Players like to feel awesome, and generally, without having to work for it. This is why Call of Cthulhu has the Idea roll, so you can solve things by rolling  a die. This is also why I don’t like systems like Feng Shui and Wushu, which reward people with descriptive skill – to my mind, the system should provide descriptive awesome FOR YOU. That’s it’s job, not yours. And everyone should get the same awesome reward, regardless of their personal skills. That’s the philosophy behind There Is No Spoon, for example.

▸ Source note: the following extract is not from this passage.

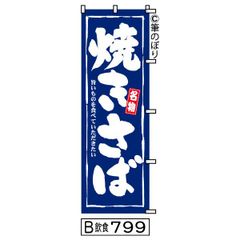【お得な2枚セット-新品-送料無料】【キャンセル不可-12営業日で発送-ポスト投函】2枚組【焼きさば】のぼり旗|紺に白の目立つ手書き筆文字[799]
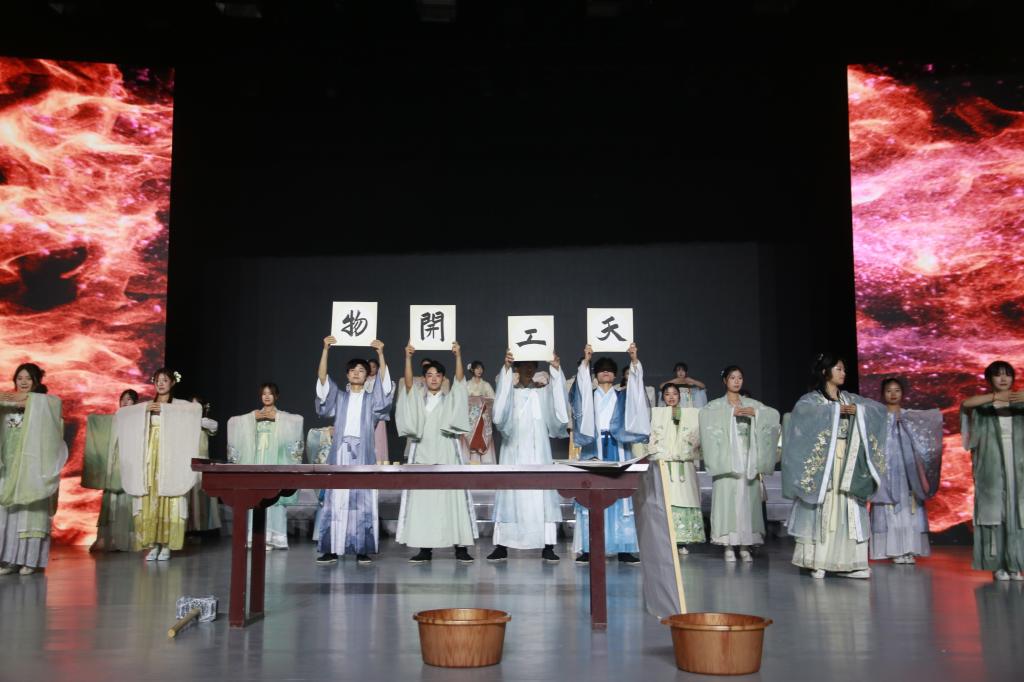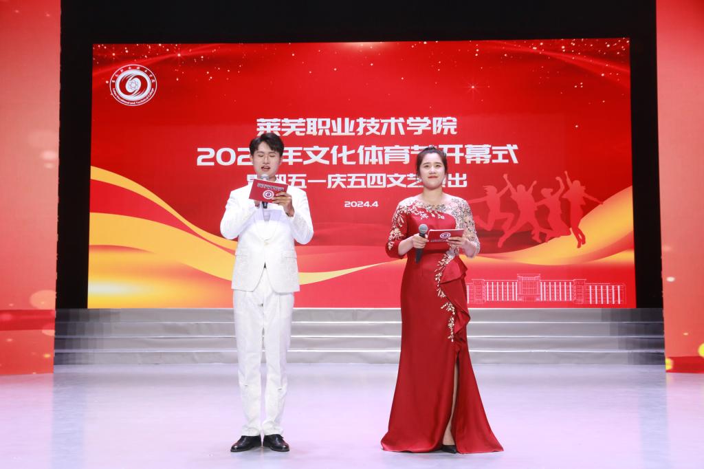 开幕式后,“迎五一·庆五四”文艺演出正式开始。演出共分为“最美舞台 最美主场”“因为热爱 所以可爱”“热血青春 不负韶华”三个篇章,主题鲜明、立意高远、催人奋进。来自学校15个社团共计200余名学生陆续表演了鼓乐《催征》、武术《精忠报国》、啦啦操《飞扬青春》、汉服秀《天工开物》、走秀《工匠风向标》、情景歌曲《无名的人》、情景剧《故人日记》、歌曲《青春不一样》、情景朗诵《那一年,中国青年正十八》等节目,邀请学校老师同台演唱歌曲《一起来更精彩》《在希望的田野上》《新的天地》。师生们用歌曲、舞蹈、朗诵等形式弘扬中华优秀传统文化,致敬所有顶天立地却平凡的普通人,精彩的舞台剧、婉转的唱腔、优美的舞蹈集中展现了莱职青年与时代同向、与祖国同行,胸怀家国、奋力逐梦的价值追求和近年来学校美育工作取得的丰硕成果。

Gumshoe’s “spend” system forces players to decide when they want to be awesome, and for GMs to come up with multi-layered clues for when this happens. This is not unlike systems where levels of success matter – which is something I rarely use either (too lazy!). But it’s a particular headache here because now you have to plan clues and mega-clues, as well as boxes. And yet the mega-clues can’t be too big because if one box gives away everything, the players who have specified their character towards other boxes will feel cheated.

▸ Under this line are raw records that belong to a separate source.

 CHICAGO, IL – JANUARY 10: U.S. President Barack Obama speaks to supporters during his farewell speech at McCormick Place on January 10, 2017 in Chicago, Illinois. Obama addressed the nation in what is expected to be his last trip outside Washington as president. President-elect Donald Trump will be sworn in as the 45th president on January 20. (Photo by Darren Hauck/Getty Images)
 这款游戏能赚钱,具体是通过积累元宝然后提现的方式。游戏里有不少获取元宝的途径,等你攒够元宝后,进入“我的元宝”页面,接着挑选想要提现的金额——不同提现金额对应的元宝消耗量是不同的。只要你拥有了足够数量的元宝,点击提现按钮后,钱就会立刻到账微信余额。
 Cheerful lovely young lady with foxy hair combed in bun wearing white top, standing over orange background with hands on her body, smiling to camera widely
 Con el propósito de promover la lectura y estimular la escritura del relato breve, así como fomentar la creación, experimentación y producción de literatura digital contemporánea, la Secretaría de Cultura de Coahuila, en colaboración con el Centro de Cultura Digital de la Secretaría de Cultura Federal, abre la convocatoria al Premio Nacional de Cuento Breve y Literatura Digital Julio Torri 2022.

This is of course the danger of any system with increased detail. Having a long list of investigation skills is a GREAT way to get into the niches of genre and explore minute differences in style and enhance a sense of genre. But it can be harder to balance screen time as a result. If Bob is good at punching and Jim at talking, I can design pretty broadly. If Bob is intimidating and Jim is glib…I have to design two talking scenes with equally important goals, AND provide reasons why Bob can’t just intimidate his way through both of these. Now that doesn’t apply to the knowledge skills so much, but we definitely had a problem with the social skills in Gumshoe too. There were so many of them they actually kind of detracted from the game – I prefer to put my gamist, can-the-players-solve-this elements into actual roleplaying and discussion (backed up by dice rolls, of course) but having a Bullshit Detector kind of killed that for us, turning what were normally subtle live-action interactions into single dice rolls and that killed a huge part of our fun.

Oh this is getting all confused. Time for Part Three, then.

2 thoughts on “Talking Gumshoe, Part Two

  1. Bullshit Detector is one of the skills you can buy in GUMSHOE. With that group, we’d developed play to the point where I could reliably act out characters who were lying well enough that the players could tell without rolling dice that something was fishy.